ITKI – International  Traditional Knowledge Institute

After a long journey that has involved the public administrations of Tuscany (Region, Province, and local council), the Italian Ministry of Environment, organizations of the United Nations, private foundations and non-profits (Nobrega Foundation, Foundation Romualdo del Bianco, Ipogea), international experts and scholars gathered at numerous conferences and engaged in pilot projects and experiences, the International Traditional Knowledge Institute (ITKI) was established in 2010. The Institute has the legal form of a private association created by members, supporters and foundations, which can contribute in various ways as defined by the statute.
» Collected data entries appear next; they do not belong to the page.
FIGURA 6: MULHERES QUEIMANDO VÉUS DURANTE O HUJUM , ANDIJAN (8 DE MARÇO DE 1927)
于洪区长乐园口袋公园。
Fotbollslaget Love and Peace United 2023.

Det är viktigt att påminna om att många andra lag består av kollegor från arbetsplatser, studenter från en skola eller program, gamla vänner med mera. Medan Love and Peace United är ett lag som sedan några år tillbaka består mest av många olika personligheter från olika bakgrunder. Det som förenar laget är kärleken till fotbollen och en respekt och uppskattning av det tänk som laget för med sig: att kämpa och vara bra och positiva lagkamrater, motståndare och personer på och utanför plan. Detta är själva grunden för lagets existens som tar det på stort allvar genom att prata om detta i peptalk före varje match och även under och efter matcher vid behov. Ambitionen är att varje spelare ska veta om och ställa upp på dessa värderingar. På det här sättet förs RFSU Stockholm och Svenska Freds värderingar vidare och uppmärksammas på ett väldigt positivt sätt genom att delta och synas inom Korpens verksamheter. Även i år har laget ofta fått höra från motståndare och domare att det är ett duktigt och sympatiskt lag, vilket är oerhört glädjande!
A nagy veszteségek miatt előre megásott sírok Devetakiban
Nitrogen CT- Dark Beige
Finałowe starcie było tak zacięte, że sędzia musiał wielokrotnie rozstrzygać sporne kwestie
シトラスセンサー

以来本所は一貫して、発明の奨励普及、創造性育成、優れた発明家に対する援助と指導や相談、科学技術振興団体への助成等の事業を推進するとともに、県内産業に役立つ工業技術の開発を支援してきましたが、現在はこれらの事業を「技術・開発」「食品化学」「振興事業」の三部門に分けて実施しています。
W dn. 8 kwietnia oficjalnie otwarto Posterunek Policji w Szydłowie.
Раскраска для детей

Each of the founding members will make a €50,000 donation toward the Institute’s capital endowment. Having fulfilled the requisites set out by UNESCO, ITKI will be presented at the 2011 General Conference for UNESCO for recognition as a UNESCO Category II Institute. ITKI is the hub of an international proposal for the inventory, preservation and dissemination of innovative traditional knowledge.

ITKI’s mission is to create a data bank of traditional techniques and sustainable technologies that will become a prime source of visibility and certification for ideas, practices, and businesses committed to the preservation of landscapes, ecosystems and cultural heritage. Through ITKI, traditional solutions and innovative proposals will be disseminated by the 800+ UNESCO sites worldwide and by an international network of foundations, study centers, experts and practitioners. The Institute’s global headquarters will be in Europe, with regional headquarters in the Americas, Africa, Asia and Oceania.
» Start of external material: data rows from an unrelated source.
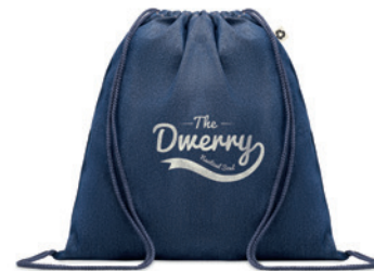
Style Bag MO6422

Nákupní batoh ze 100% recyklované tkaniny s dlouhými uchy a stahováním. 140 gr/m 2 . Tato položka se po otisku může zmenšit.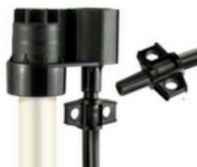
Figura 14. Componente del riego Smooth Drive, Elevador

Fuente: Senninger irrigation inc. Elaboración: Senninger irrigation inc.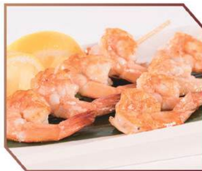
193. SPIEDINI DI GAMBERI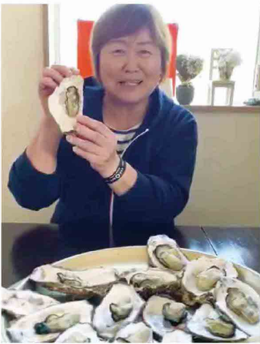
2年前に皆さんに来て いただいて種付けした 牡蠣ができました。 食べてください〜♪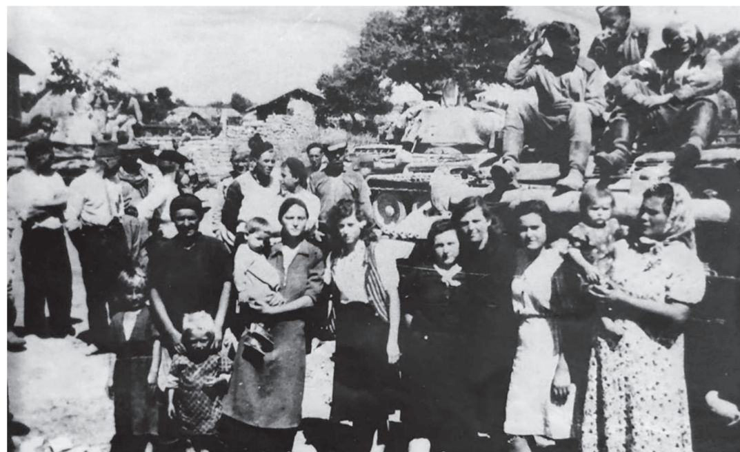
Освобождение от немцев с. Врбница в Болгарии. Жители села встречают танкистов 96-й танковой бригады, 1944 г./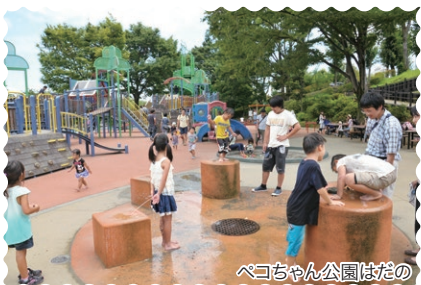
ベコちゃん公園はだの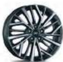
Jantes alliage 18"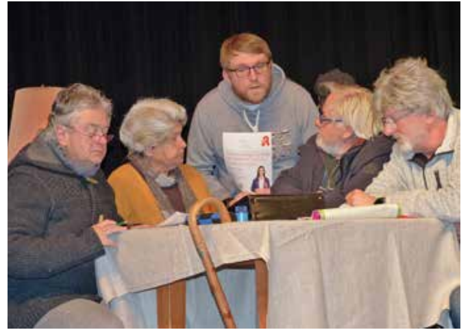
Im Stück „Unter den Linden“ finden im Seniorenheim nächtliche Versammlungen statt.

Neues Stück der Buxheimer Theater-Gaukler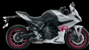
QKA: Metallic Mat Sword Silver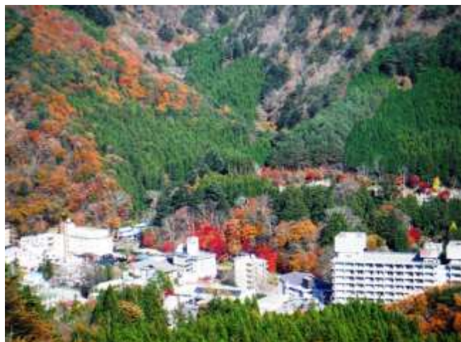
箒川の流れて紅葉に染まる温泉街！ (旧新元線より紅の吊橋対岸付近を望む)

見てください！塩原温泉郷が「もみじの渓谷」・「もみじの谷」と言われる由縁が分かります。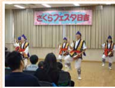
楽しいイベントが盛りだくさん

For its global headquarters ITKI has chosen the Gualchiere di Remole, on the outskirts of Florence, Italy. A primary objective of the Institute is to guarantee that public awareness of this medieval water mill is maintained by restoring the buildings, creating a museum of traditional hydraulic technology (by reinstating the site’s system of water wheels and milling devices and creating permanent exhibitions of traditional techniques and machinery and their innovative use) and recovering the surrounding meadows and woodlands using procedures guided by respect, sustainability, and eco-compatibility.